Introduction to the Azure Machine Learning Workbench

Following the announcements post published some days ago  here,  we will dig deeper on this new tool, the Workbench. This is also called AML Workbench, which is shorter and this term will be used from now on to refer to Azure Machine Learning Workbench (glad about the acronym as I do not want to type that again :P)

 

But, what’s the AML Workbench?

It is a desktop application for Windows and MacOS, it has built-in data preparation that learns the data preparation steps as we perform them, which is able take avantage of the best open source frameworks including TensorFlow, Cognitive Toolkit, Spark ML and scikit-learn.

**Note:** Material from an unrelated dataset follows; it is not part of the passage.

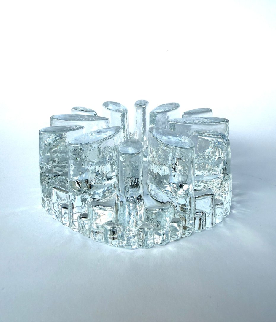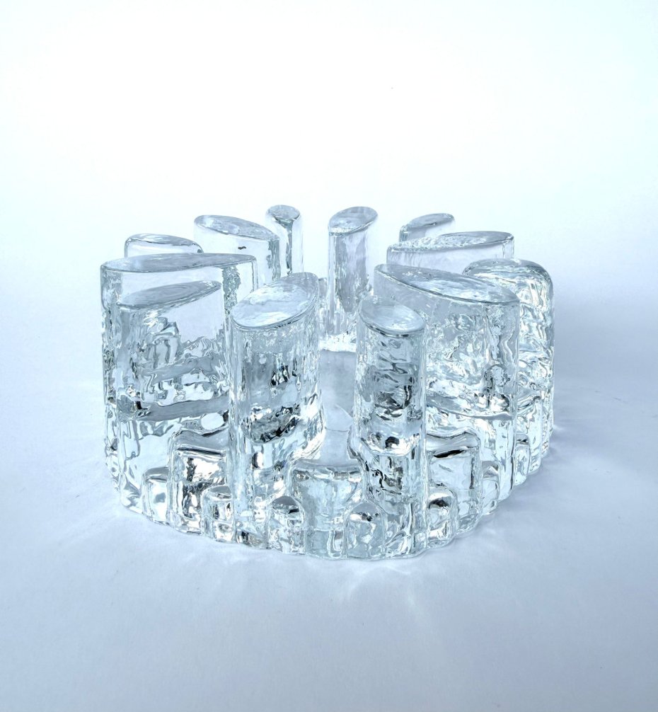 Wyjątkowy szklany podgrzewacz Bel Mondo wykonany z masywnego, przejrzystego szkła formowanego w charakterystyczny, rzeźbiarski wzór. Segmentowa, "lodowa" struktura pięknie rozprasza światło świecy, tworząc efekt dekoracyjnej poświaty typowej dla skandynawskiego wzornictwa z drugiej połowy XX wieku.

This also means that if you have a GPU that supports AI (read my earlier blog post on the topic here https://joslat.blog/2017/10/15/give-me-power-pegasus-or-the-state-of-hardware-in-ai/ ) you will be benefitting from that power heads-on.

Oh, it has also a command line interface for those who like them 😀

 

Sounds interesting? Then let’s get started!

 

Concepts first!

AML – Azure Machine Learning

This is in need to be described at the earliest as it might be a bit confusing. This is a solution proposal from Microsoft that englobes different components and services to provide an integrated end-to-end solution for data science and advanced analytics.

With it we can prepare data, develop experiments and deploy models at cloud scale (read massive scalability here)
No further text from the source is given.